Department of Computer Science and Engineering, Vel Tech Rangarajan Dr. Sagunthala R&D Institute of Science and Technology, Avadi, Chennai, India.
Department of Computer Science and Engineering, Jain (Deemed to Be University), Bangalore, India.
Comput Math Methods Med. 2022 Oct 14;2022:4380901. doi: 10.1155/2022/4380901. eCollection 2022.

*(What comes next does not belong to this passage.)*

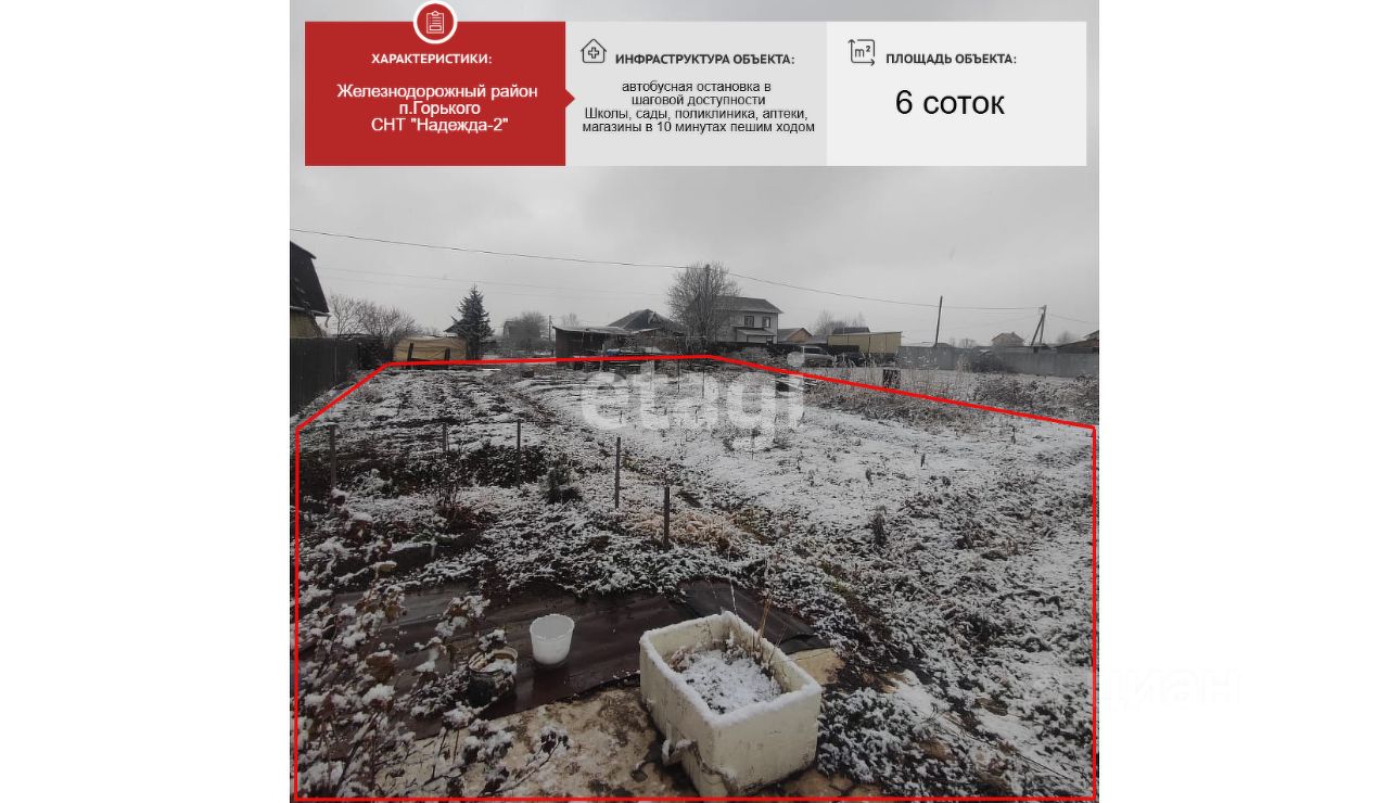 Продается уникальный земельный участок в живописном поселке Горького! Этот участок площадью 6 соток — идеальное место для вашего будущего дома или дачи. Он уже межеван и имеет все необходимые документы, что гарантирует легкость сделки. Участок расположен в зоне, где разрешено ведение садоводства и огородничества, что открывает перед вами множество возможностей для реализации ваших идей. На территории уже имеются плодовые насаждения: яблоня, слива, ирга, жимолость, ежевика и малина — вы сможете наслаждаться свежими фруктами прямо у себя на участке! Также присутствует небольшой домик (7,5 м²), который идеально подойдет для хранения инвентаря и садового оборудования. Что касается коммуникаций, то участок обеспечен летним водопроводом для полива, а электричество доступно благодаря столбу, расположенному рядом. Газоснабжение планируется в 2025-2026 годах, что делает этот участок еще более привлекательным для строительства вашего дома. Расположение участка также не может не радовать! До центра города всего 15-20 минут на машине. В шаговой доступности — остановка общественного транспорта, а в 10 минутах пешком находится весь необходимый набор инфраструктуры: школы, детские сады, магазины, поликлиника и аптеки. Это идеальное место для жизни с семьей! Собственник один, документы готовы, полное сопровождение сделки и помощь в одобрении ипотеки — мы позаботимся о том, чтобы процесс покупки прошел максимально комфортно для вас. Не упустите возможность стать владельцем этого замечательного участка! Звоните прямо сейчас, записывайтесь на просмотр и начните строить свой идеальный дом мечты!

The classification of the brain tumor image is playing a vital role in the medical image domain, and it directly assists the clinicians to understand the severity and to take an appropriate solution. The magnetic resonance imaging tool is used to analyze the brain tissues and to examine the different portion of brain circumstance. We propose the convolutional neural network database learning along with neighboring network limitation (CDLNL) technique for brain tumor image classification in medical image processing domain. The proposed system architecture is constructed with multilayer-based metadata learning, and they have integrated with CNN layer to deliver the accurate information. The metadata-based vector encoding is used, and the type of coding estimation for extra dimension is known as sparse. In order to maintain the supervised data in terms of geometric format, the atoms of neighboring limitation are built based on a well-structured -neighbored network. The resultant of the proposed system is considerably strong and subjective for classification. The proposed system used two different datasets, such as BRATS and REMBRANDT, and the proposed brain MRI classification technique outcome is more efficient than the other existing techniques.
脑肿瘤图像分类在医学图像领域中起着至关重要的作用,它可以直接帮助临床医生了解病情的严重程度并采取相应的解决方案。磁共振成像工具用于分析脑组织并检查大脑环境的不同部位。我们提出了一种基于卷积神经网络数据库学习和邻域网络限制(CDLNL)技术的脑肿瘤图像分类方法,用于医学图像处理领域。所提出的系统架构由基于多层的元数据学习构建,并与 CNN 层集成,以提供准确的信息。使用基于元数据的矢量编码,并且称为稀疏的额外维度的编码估计类型。为了保持基于几何格式的监督数据,基于结构良好的邻域网络构建邻域限制的原子。所提出的系统的结果对于分类来说是相当强大和主观的。该系统使用了两个不同的数据集,如 BRATS 和 REMBRANDT,并且所提出的脑 MRI 分类技术的结果优于其他现有技术。